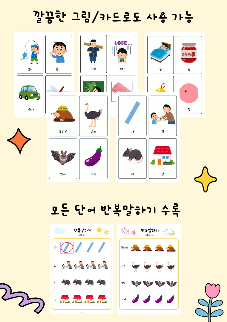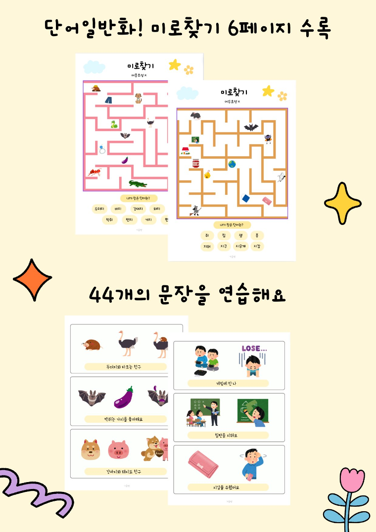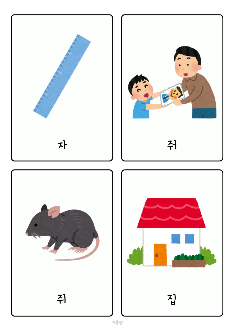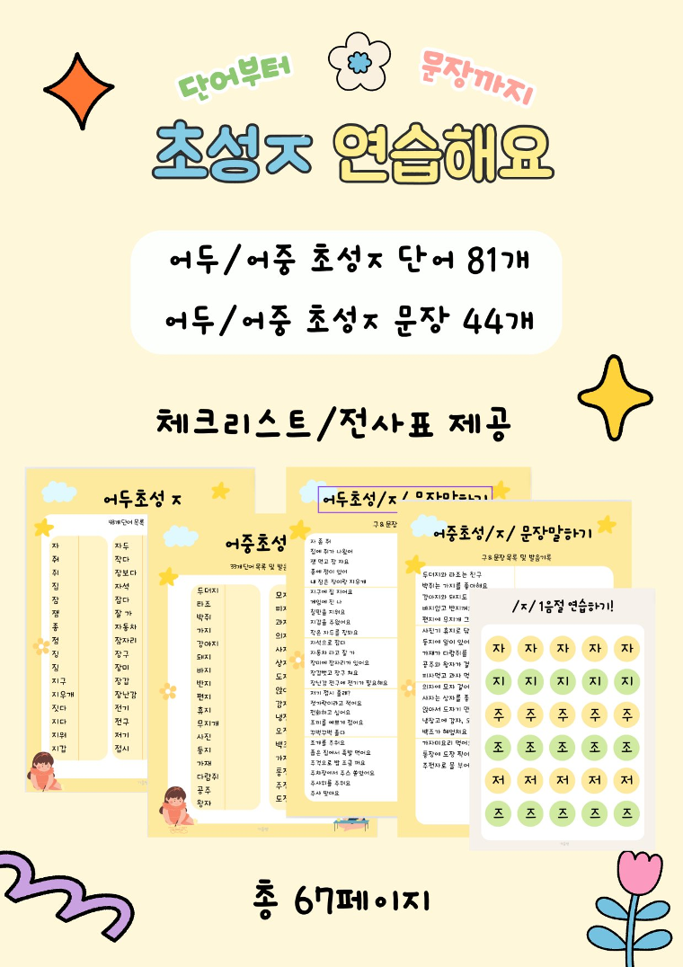초성 ㅈ을 음소, 단어, 문장 별로 연습해보아요. 81개의 단어와 배운 단어가 포함된 44개의 문장으로 구성되어 있습니다.
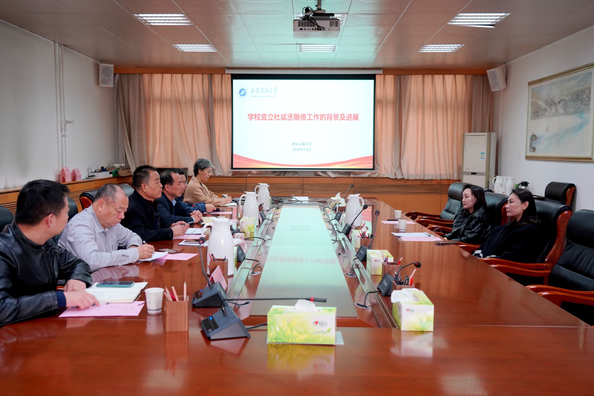 12月3日上午,學(xué)校開展合作交流座談,學(xué)校領(lǐng)導(dǎo)、陜北米脂鄉(xiāng)賢代表及學(xué)校有關(guān)部門負(fù)責(zé)人共同商討杜斌丞先生雕像建設(shè)工作。
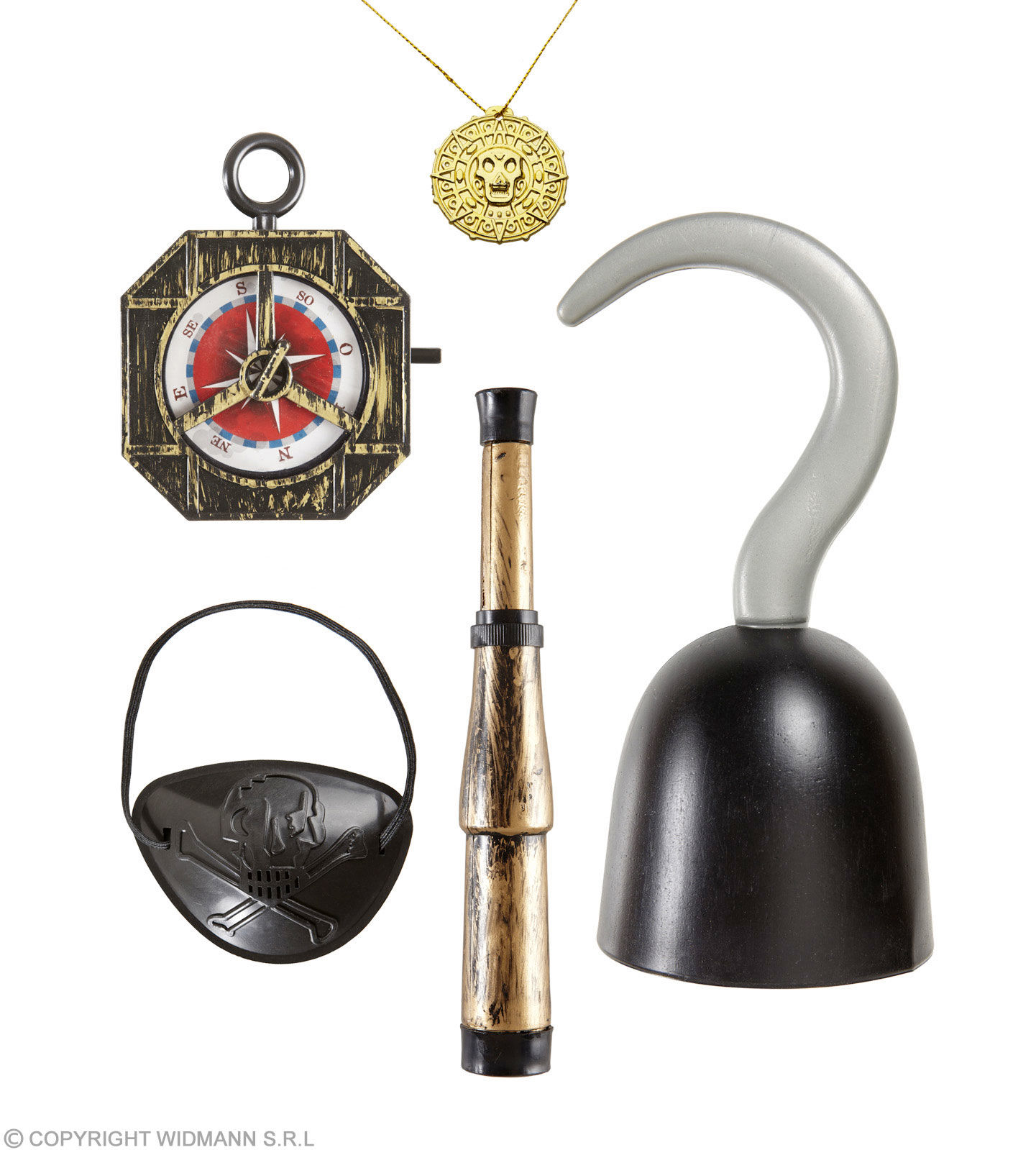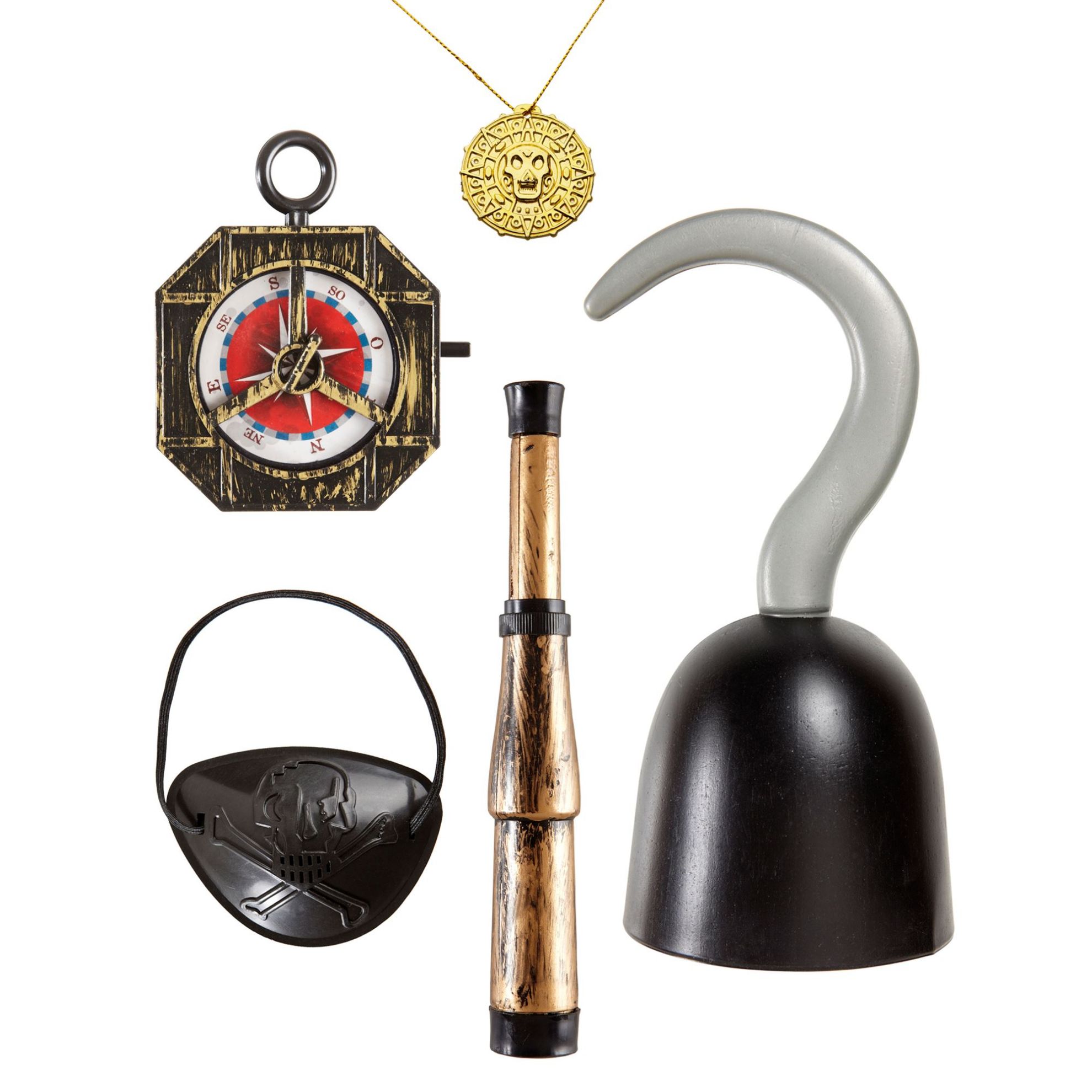 Pirate accessories (hook, compass, spyglass, eyepatch, necklace with medallion)

EXERCISE DETAILS →
Omit all pictures, and repeat exactly the lines from the line containing "12月3日上午,學(xué)" through the end of the data.

EXERCISE RESPONSE →
 12月3日上午,學(xué)校開展合作交流座談,學(xué)校領(lǐng)導(dǎo)、陜北米脂鄉(xiāng)賢代表及學(xué)校有關(guān)部門負(fù)責(zé)人共同商討杜斌丞先生雕像建設(shè)工作。
 Pirate accessories (hook, compass, spyglass, eyepatch, necklace with medallion)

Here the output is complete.